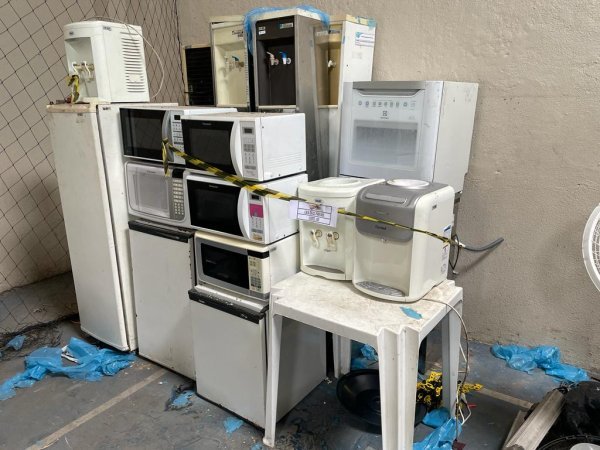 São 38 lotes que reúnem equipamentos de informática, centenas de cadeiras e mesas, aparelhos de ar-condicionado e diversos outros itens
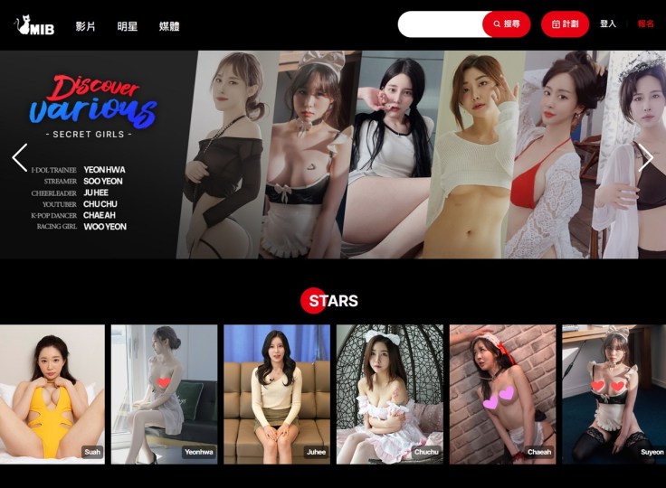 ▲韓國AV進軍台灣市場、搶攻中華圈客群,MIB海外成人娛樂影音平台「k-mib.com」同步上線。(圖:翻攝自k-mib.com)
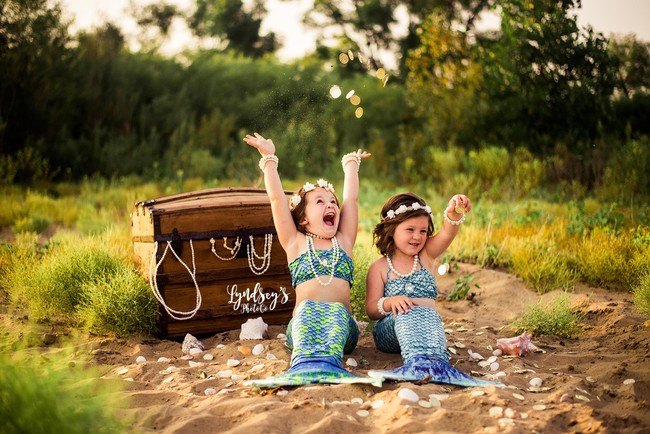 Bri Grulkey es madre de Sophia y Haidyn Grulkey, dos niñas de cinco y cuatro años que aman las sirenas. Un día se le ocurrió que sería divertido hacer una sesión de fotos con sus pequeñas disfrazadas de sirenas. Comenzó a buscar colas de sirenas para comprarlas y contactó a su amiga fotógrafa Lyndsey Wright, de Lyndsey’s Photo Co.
┄┄┄┄┄┄
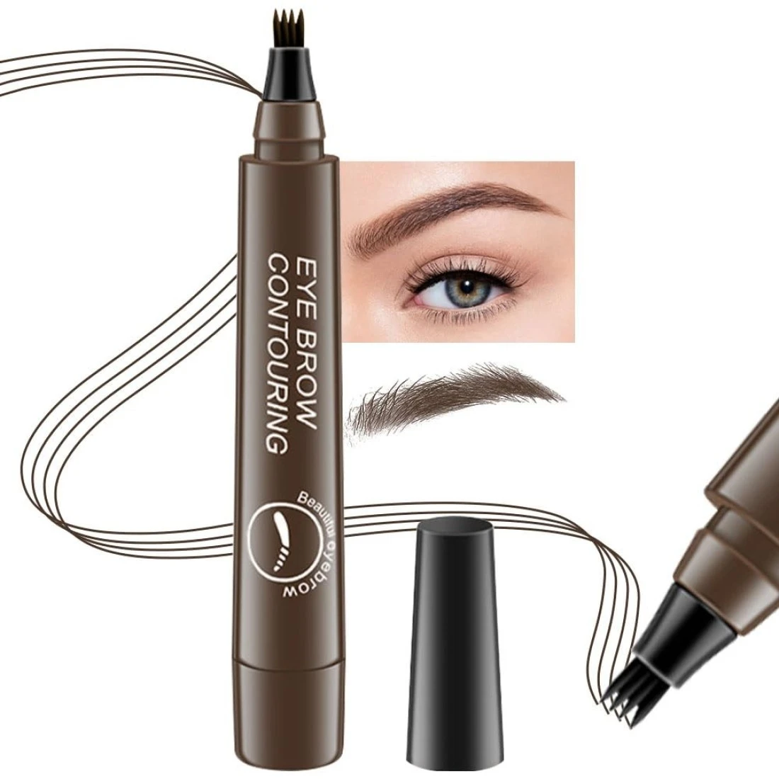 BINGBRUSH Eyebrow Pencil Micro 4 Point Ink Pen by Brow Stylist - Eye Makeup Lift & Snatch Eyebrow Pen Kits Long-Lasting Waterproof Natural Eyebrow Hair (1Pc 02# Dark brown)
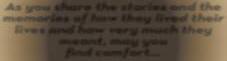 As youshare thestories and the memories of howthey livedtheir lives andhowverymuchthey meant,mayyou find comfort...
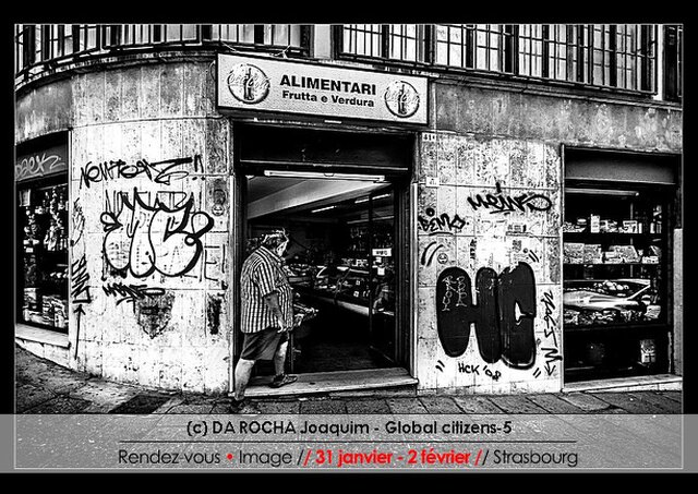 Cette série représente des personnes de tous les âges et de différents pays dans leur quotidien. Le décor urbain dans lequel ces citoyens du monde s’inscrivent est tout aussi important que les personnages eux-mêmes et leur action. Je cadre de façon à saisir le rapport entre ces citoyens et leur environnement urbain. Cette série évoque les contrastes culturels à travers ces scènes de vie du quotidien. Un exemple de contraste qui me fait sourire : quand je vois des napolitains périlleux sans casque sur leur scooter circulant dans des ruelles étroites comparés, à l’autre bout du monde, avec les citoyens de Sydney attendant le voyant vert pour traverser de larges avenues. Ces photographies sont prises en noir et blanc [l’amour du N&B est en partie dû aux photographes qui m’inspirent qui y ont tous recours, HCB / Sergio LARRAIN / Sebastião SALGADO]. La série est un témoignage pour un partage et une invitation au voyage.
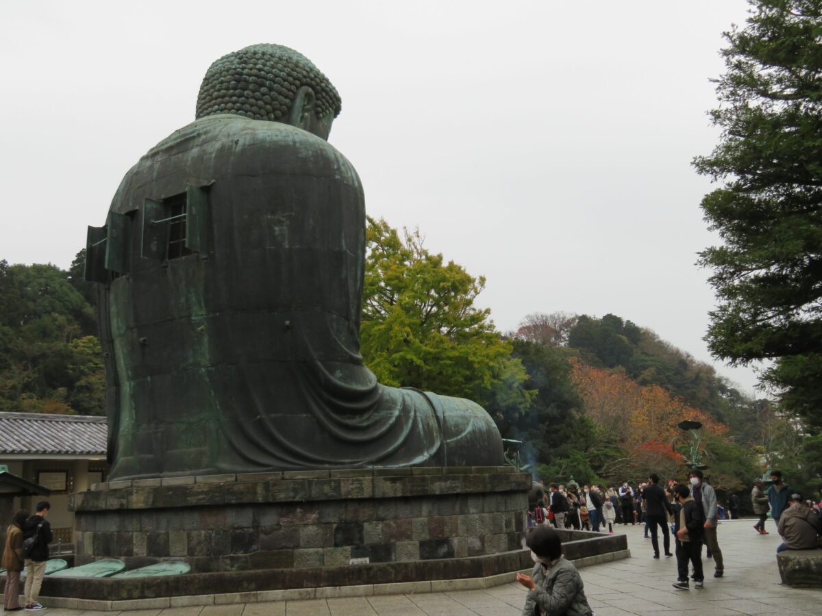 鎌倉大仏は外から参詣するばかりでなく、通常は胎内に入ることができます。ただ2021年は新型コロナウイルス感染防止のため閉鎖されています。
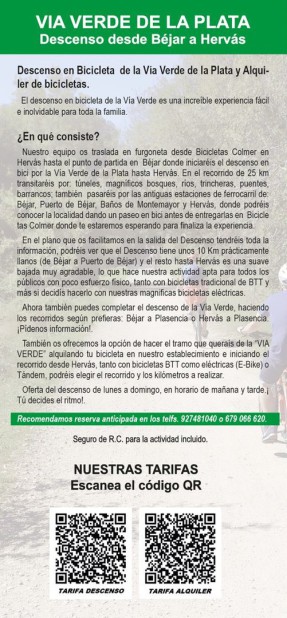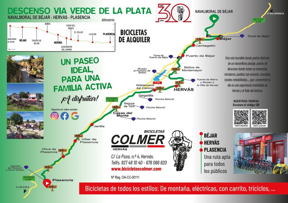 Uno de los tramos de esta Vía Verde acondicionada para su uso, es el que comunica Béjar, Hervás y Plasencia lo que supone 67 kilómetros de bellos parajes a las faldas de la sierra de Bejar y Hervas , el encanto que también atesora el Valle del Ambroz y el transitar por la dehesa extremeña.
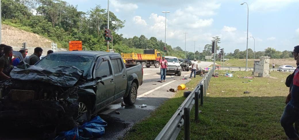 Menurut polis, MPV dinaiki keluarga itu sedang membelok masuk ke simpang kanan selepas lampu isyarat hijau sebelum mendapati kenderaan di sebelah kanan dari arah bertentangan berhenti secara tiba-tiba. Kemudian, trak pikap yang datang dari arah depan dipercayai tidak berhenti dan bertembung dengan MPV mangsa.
┄┄┄┄┄┄
■ TO DO:
Only one stretch of the listing above is to be duplicated: the lines from the one containing "São 38 lotes" through the one containing "Bri Grulkey es", both included. Copy them exactly, minus the pictures.

■ ANSWER BELOW:
 São 38 lotes que reúnem equipamentos de informática, centenas de cadeiras e mesas, aparelhos de ar-condicionado e diversos outros itens
 ▲韓國AV進軍台灣市場、搶攻中華圈客群,MIB海外成人娛樂影音平台「k-mib.com」同步上線。(圖:翻攝自k-mib.com)
 Bri Grulkey es madre de Sophia y Haidyn Grulkey, dos niñas de cinco y cuatro años que aman las sirenas. Un día se le ocurrió que sería divertido hacer una sesión de fotos con sus pequeñas disfrazadas de sirenas. Comenzó a buscar colas de sirenas para comprarlas y contactó a su amiga fotógrafa Lyndsey Wright, de Lyndsey’s Photo Co.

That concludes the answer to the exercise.